Brief. Your task is to output the listing exactly, leaving every image out.

-----

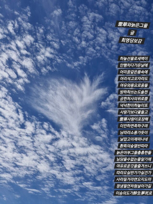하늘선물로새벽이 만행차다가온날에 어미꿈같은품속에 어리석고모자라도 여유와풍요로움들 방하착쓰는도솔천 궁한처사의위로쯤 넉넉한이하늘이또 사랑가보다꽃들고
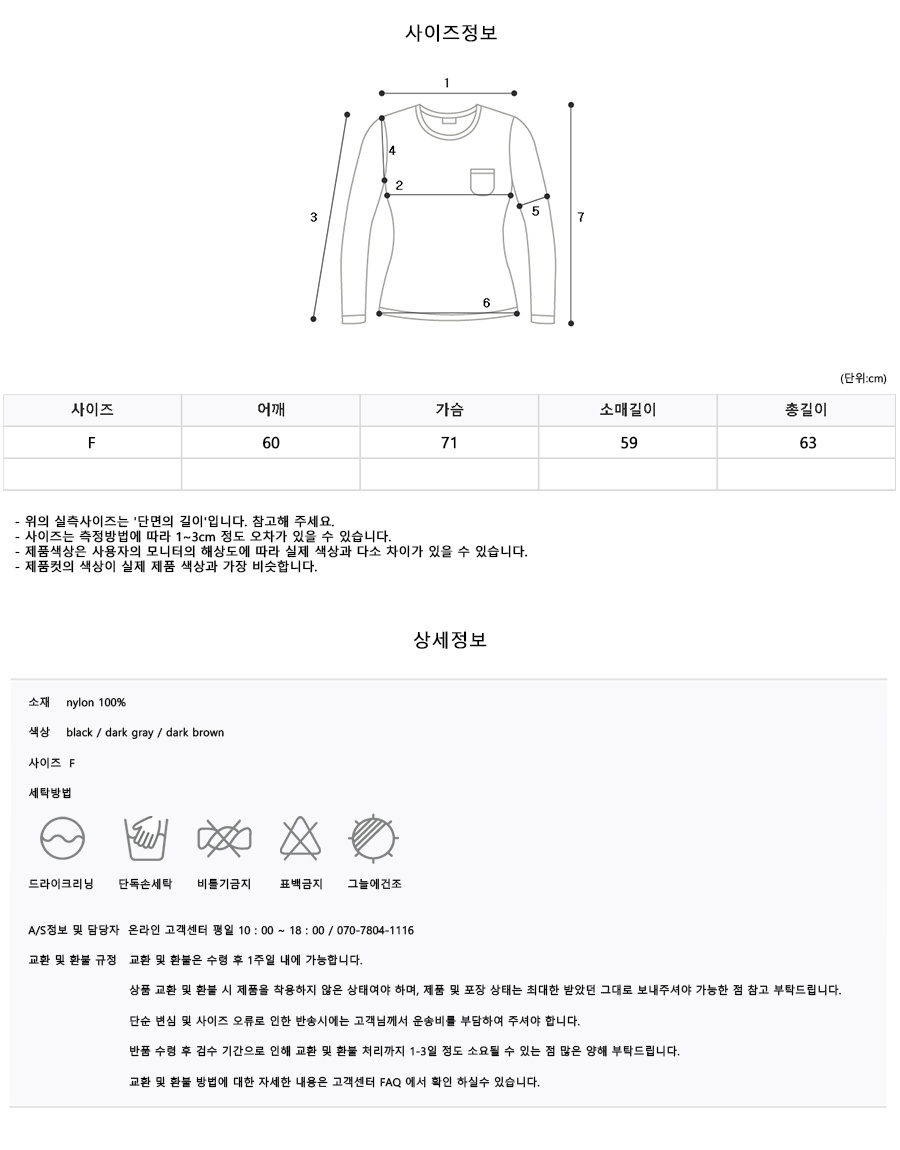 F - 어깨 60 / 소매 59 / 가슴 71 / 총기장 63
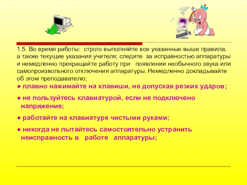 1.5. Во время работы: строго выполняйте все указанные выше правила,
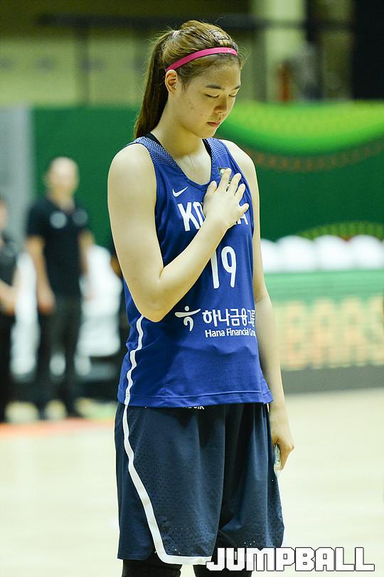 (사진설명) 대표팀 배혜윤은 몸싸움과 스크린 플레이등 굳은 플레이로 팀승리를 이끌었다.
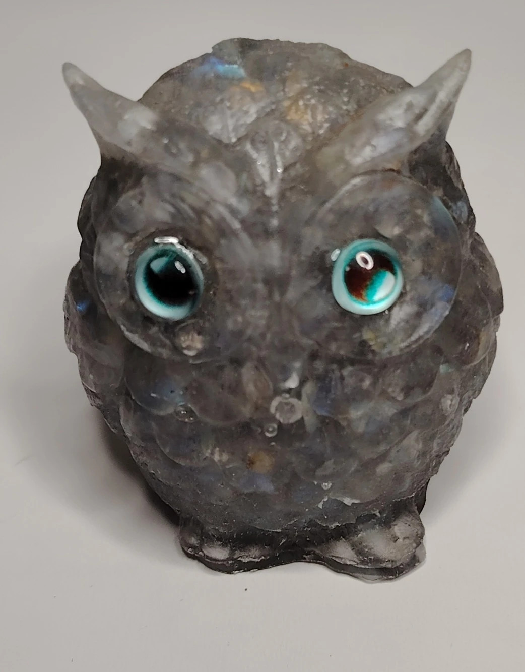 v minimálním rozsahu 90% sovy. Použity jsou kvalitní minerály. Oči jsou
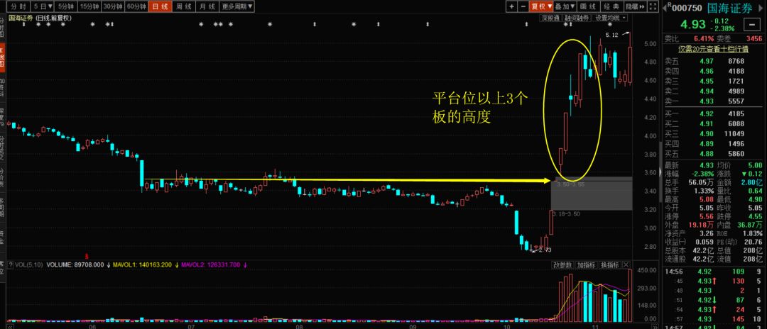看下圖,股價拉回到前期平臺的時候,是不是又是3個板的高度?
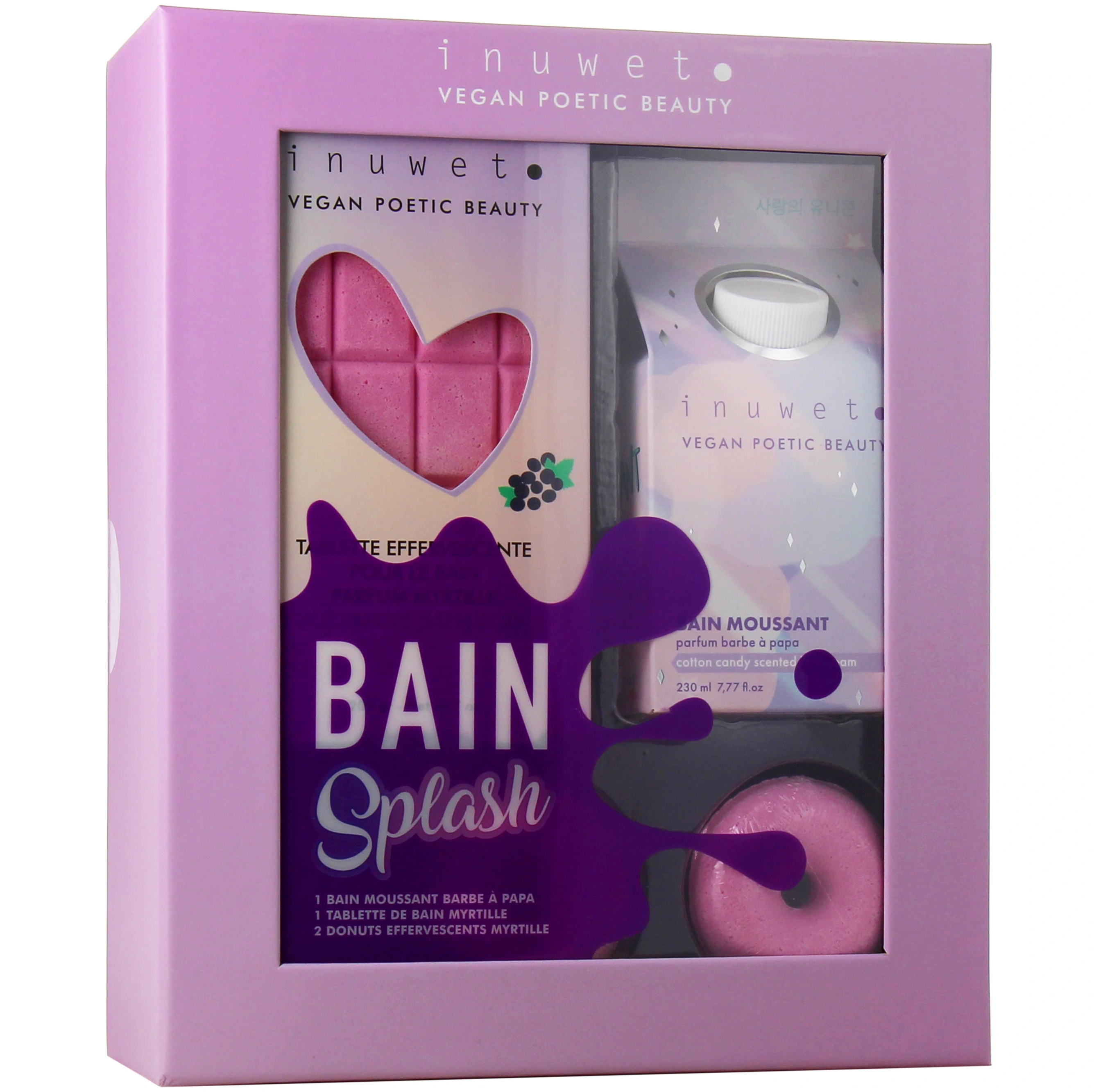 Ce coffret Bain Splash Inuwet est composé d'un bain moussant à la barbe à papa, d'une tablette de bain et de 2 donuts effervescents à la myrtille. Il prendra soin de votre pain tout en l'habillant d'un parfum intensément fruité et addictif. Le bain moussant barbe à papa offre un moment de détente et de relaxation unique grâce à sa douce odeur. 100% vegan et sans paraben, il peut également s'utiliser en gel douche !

-----

Written answer.
하늘선물로새벽이 만행차다가온날에 어미꿈같은품속에 어리석고모자라도 여유와풍요로움들 방하착쓰는도솔천 궁한처사의위로쯤 넉넉한이하늘이또 사랑가보다꽃들고
 F - 어깨 60 / 소매 59 / 가슴 71 / 총기장 63
 1.5. Во время работы: строго выполняйте все указанные выше правила,
 (사진설명) 대표팀 배혜윤은 몸싸움과 스크린 플레이등 굳은 플레이로 팀승리를 이끌었다.
 v minimálním rozsahu 90% sovy. Použity jsou kvalitní minerály. Oči jsou
看下圖,股價拉回到前期平臺的時候,是不是又是3個板的高度?
 Ce coffret Bain Splash Inuwet est composé d'un bain moussant à la barbe à papa, d'une tablette de bain et de 2 donuts effervescents à la myrtille. Il prendra soin de votre pain tout en l'habillant d'un parfum intensément fruité et addictif. Le bain moussant barbe à papa offre un moment de détente et de relaxation unique grâce à sa douce odeur. 100% vegan et sans paraben, il peut également s'utiliser en gel douche !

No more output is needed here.